With the rapid increase in major cybersecurity breaches in recent years, cybersecurity risk has become one of the top global concerns, leading regulators and firms to strengthen cybersecurity risk management and disclosure practices. Recognizing the escalating threat landscape, the U.S. Securities and Exchange Commission (SEC) and U.S. state governments have implemented stricter disclosure regulations. The increasing regulatory pressure on firms now requires them to disclose not only cybersecurity breaches but also their risk management practices and board oversight. This dissertation investigates how firms communicate cybersecurity risk information in their disclosures, how these disclosures respond to both the firm’s own breach incidents and those of industry peers, whether they carry predictive signals of future breaches, and how markets react to cybersecurity breaches.

The first chapter introduces a firm-level cybersecurity awareness score constructed from annual 10-K filings to capture how firms respond to cybersecurity breaches. By using firm-specific filing timelines, the chapter examines how firms update their cybersecurity awareness following breach incidents. The finding shows that firms significantly increase the use of cybersecurity-related terms in their 10-K fillings after experiencing either their own breaches or those of peers, indicating that the cybersecurity awareness score reflects perceived cybersecurity risk. Notably, higher cybersecurity awareness scores are positively associated with the likelihood of future breaches, suggesting that firms recognize and communicate their heightened exposure to cybersecurity risks. However, while a firm’s own past breaches predict future incidents, competitor breaches do not.

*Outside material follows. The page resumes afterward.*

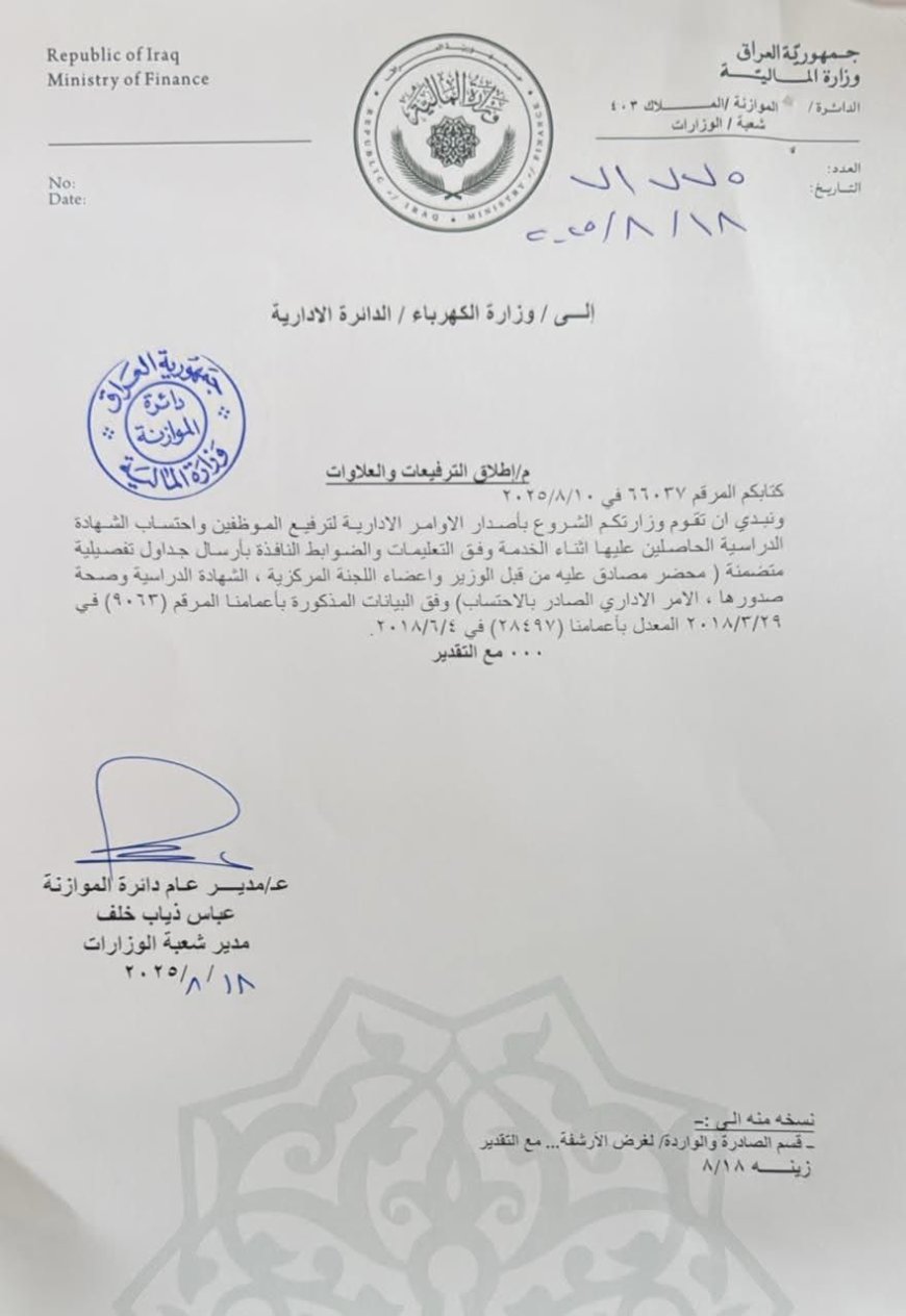 #العراق #وزارة_المالية #العلاوات #الترفيعات

The second chapter evaluates the capability of Large Language Models (LLMs), including GPT-4, Llama3, and finBERT, for sentiment analysis of cybersecurity-related disclosures in 10-K filings. These models are compared to traditional dictionary approaches. The findings show that sentiment scores generated by GPT-4 and finBERT significantly predict future breaches, with a more negative tone associated with a lower likelihood of being breached. This suggests that firms using more cautious language around cybersecurity risks may be more proactive in managing those risks. However, it remains difficult to discern whether firms systematically adjust the tone of their 10-K fillings following their own breach incidents. When examining peer effects, evidence of sentiment spillover emerges, but only under certain models. Specifically, Llama3 and traditional dictionary-based models detect modest tone adjustments in response to competitor breaches, while GPT-4 and finBERT do not, indicating that spillover effects in sentiment are subtle and model-dependent.

The third chapter investigates stock market responses to cybersecurity breaches, focusing on changes in abnormal returns, volatility, and intra-industry and inter-industry spillover effects. Empirical analysis reveals significant negative market responses, with increased volatility and decreased abnormal returns. Notably, peer firms often benefit from malicious breaches within the same industry, exhibiting higher abnormal returns and reduced volatility, suggesting competitive effects rather than contagion. These spillover effects are primarily driven by malicious breaches and are significant at the firm level than at the industry level, likely due to the presence of private firms in the dataset. Overall, the findings highlight the diverse ways in which cybersecurity breaches influence financial markets and underscore the importance of distinguishing between breach types and levels of analysis.

These essays contribute to the growing literature related to cybersecurity risks by offering novel insights into firms' behavior to cybersecurity risks, measurement, and financial market reaction.